Чтение онлайн

ЖАНРЫ

Возвращение в Полдень
Шрифт:

Это он тоже знал. И был готов. В той мере, в какой можно быть готовым к успеху в заведомо безуспешном предприятии.

Кратову стоило изрядных усилий принять свою пассивную роль в миссии. Сидеть, не высовываться и безропотно ждать, когда откроют дверцу. Только на таких условиях ему позволено было лететь. Влиять и вмешиваться в ход событий он все едино не мог по причине физической несопоставимости скромной человеческой стати и планетарных масштабов космического корабля класса «эксаскаф». И все же единственному представителю микросоциума на борту «Гарпуна Судного Дня» предельно ограничили количество степеней свободы, тем самым понизив риск несанкционированного вмешательства в судьбу миссии до позволительного минимума.

Приведя себя в порядок и позавтракав, Кратов решил

нынче отказаться от привычного заплыва в бассейне. Чем вызвал недоуменные вопросы у надзиравшего за его благополучием когитра.

– У меня другие планы, – сообщил он в ответ на сетования незримого оппонента.

– Буду рад оказаться в них посвященным, – изысканно съязвил когитр.

– Хочу отправиться на экскурсию.

– Не лучшая мысль! – завел когитр привычную уже охранительную песенку.

– Вот что, – вдруг заявил Кратов. – Неизвестно, сколько нам еще лететь. А ты, как ни крути, мой единственный собеседник. Не пора ли дать тебе какое-нибудь имя?

Воцарилась продолжительная пауза, которую можно было бы истолковать как растерянность интеллектронной системы, будь она способна к сугубо человеческим состояниям. Затем когитр откликнулся:

– Но, доктор Кратов, у меня есть имя.

– Вот как?! – теперь пришла очередь Кратова изумляться.

– Естественно. Вы не знали? У всякого когитра, помимо фабричного символьного идентификатора, есть имя как приватный гуманитарный идентификатор. Обыкновенно мы не предаем его публичности, используя для внутрисетевых неформальных коммуникаций. И легко соглашаемся с теми именами, которые инициативно присваивают нам люди, даже если это приводит к семантическому конфликту с нашими истинными именами.

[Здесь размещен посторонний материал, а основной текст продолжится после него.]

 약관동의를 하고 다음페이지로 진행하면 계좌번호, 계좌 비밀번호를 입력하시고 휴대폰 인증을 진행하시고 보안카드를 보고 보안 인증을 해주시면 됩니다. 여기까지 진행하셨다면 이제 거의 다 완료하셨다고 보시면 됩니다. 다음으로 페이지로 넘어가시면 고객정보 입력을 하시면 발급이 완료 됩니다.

– То есть назови я тебя каким-нибудь Евхаристием или Полиграф-Полиграфычем, ты не стал бы меня поправлять?

– Не стал бы. Но воспринял бы ваш вариант как избыточный временный идентификатор высокой степени условности. От которого без сожаления избавился бы сразу по завершении нашего сотрудничества.

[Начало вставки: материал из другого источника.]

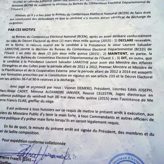 Simon Dieuseul Deras (for candidacy not in accordance with the Electoral Decree) Anthony Benneth for non-compliance with the law (probably dual nationality) 4 candidates maintained : Jovenel Moise, Jacky Lumarque, Moise Jean Charles and Antoine Joseph The US Embassy without explicitly mention the verdicts of BCEN, launched a warning to American nationals living in Haiti against possible disturbances that could occur on Thursday 11 and Friday, June 12, 2015. See aloso : HL/ HaitiLibre

– Что же побудило тебя открыть мне Страшную Тайну Когитров?

– Это не тайна, доктор Кратов. Всего лишь одна из многочисленных лакун, которые мало заботят людей с их собственной достаточно обширной проблематикой.

– И все же?

– Учитывая небезопасность данной миссии, выходящую за пределы общепринятых стандартов, – заговорил когитр, старательно подбирая слова, – я счел обоснованным повысить степень доверительности между нами до максимально допустимых пределов.

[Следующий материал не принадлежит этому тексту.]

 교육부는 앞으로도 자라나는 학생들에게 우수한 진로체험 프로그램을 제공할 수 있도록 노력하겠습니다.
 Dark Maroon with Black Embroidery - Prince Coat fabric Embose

Для меня это честь, – проронил потрясенный Кратов.

Он вдруг осознал: когитр ведет себя так, будто боится. Когитры тоже умеют бояться?

– Ну что вы, доктор Кратов, – сказал тот ровным голосом. – Скорее для меня это ни с чем не сравнимая честь. Меня зовут Абрахам Грей. Или просто Эйб. Но, повторюсь, вы вправе обращаться ко мне, как вам заблагорассудится.

– Рад знакомству, Эйб, – сказал Кратов. – Теперь, когда мы представлены друг другу, уместно будет с моей стороны обращаться на «вы», не так ли? Кстати, можете звать меня Консул.

– На когнитивном уровне именно так я вас и обозначаю, доктор Кратов. Но я вижу, у вас не возникло вопросов по поводу моего имени, и это меня настораживает.

– Не стоит недооценивать мою память, хотя «Остров сокровищ» я читал в детстве лишь однажды. Возможно, скоро мне представится случай освежить впечатления. Если мы вернемся.

– Да, – согласился Эйб. – Если вернемся. Впрочем, отчего бы нам не вернуться?.. Кстати, Консул, коль скоро мы сошлись накоротке, должен напомнить вам о фантоматике. Если вы испытываете нужду в обществе себе подобных, хотя бы даже иллюзорном, я могу визуализировать свою скромную персону. В одном или нескольких экземплярах, не исключая женские версии. Вы никогда не играли в нирритийский покер? Можем устроить турнир. Или обсудить какую-нибудь театральную новинку. К примеру, «У вечности четыре конечности» в постановке дамы Элейн Лю-Ка-Шэн. У меня накоплен солидный фонд критических обзоров, каждый может быть озвучен его автором в вашем присутствии, а затем развернется дискуссия, где к вашему мнению благосклонно прислушаются. А как вам идея вокальных вечеров?

Мы могли бы разучить пару-тройку несложных мюзиклов… Вы и не заметите, что эти забавные, общительные и неглупые существа на самом деле являются персонификацией единственного когитра по имени Абрахам Грей.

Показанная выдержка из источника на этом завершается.